**Exercise data:**
::::::::

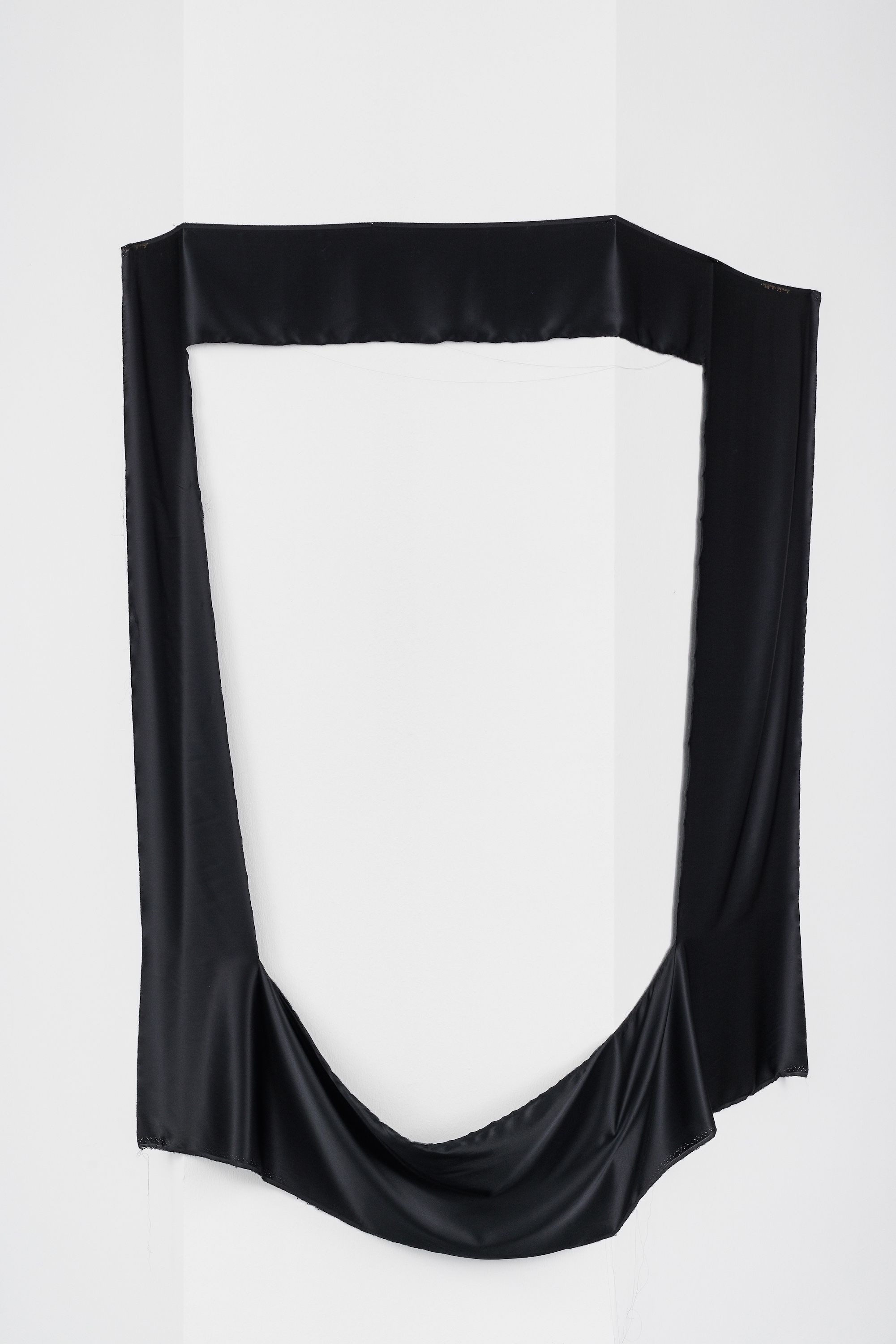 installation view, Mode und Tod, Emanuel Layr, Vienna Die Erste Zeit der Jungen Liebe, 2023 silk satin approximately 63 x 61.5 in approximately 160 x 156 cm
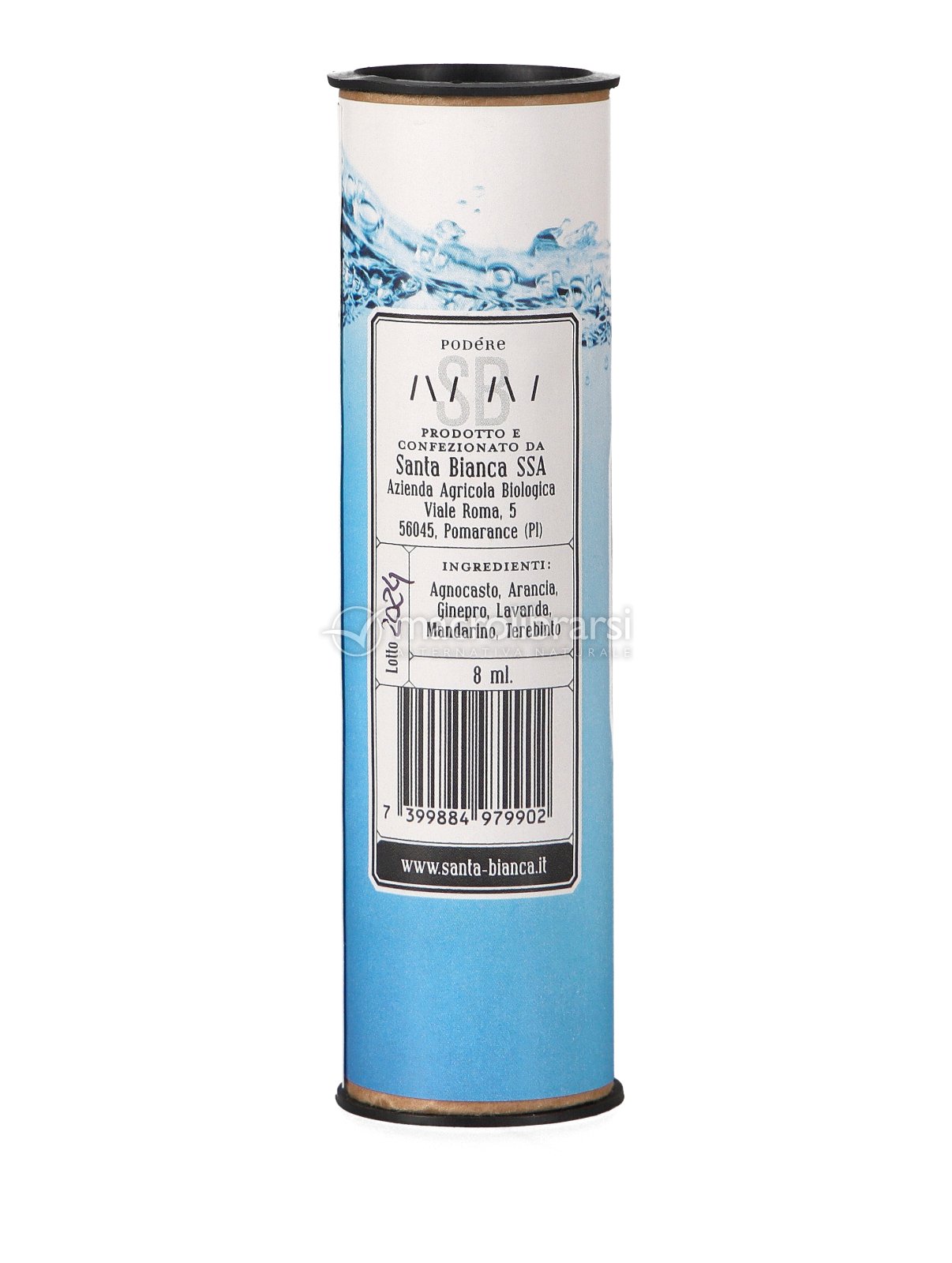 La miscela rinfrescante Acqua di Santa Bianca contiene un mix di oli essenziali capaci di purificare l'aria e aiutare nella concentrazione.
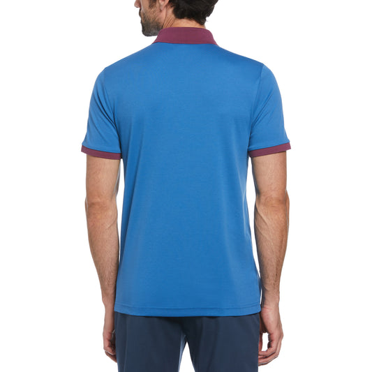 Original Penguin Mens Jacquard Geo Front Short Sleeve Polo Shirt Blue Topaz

::::::::

**Work to be completed:**
Would you please give the material above again, unchanged but without pictures?

**Response area:**
 installation view, Mode und Tod, Emanuel Layr, Vienna Die Erste Zeit der Jungen Liebe, 2023 silk satin approximately 63 x 61.5 in approximately 160 x 156 cm
 La miscela rinfrescante Acqua di Santa Bianca contiene un mix di oli essenziali capaci di purificare l'aria e aiutare nella concentrazione.
 Original Penguin Mens Jacquard Geo Front Short Sleeve Polo Shirt Blue Topaz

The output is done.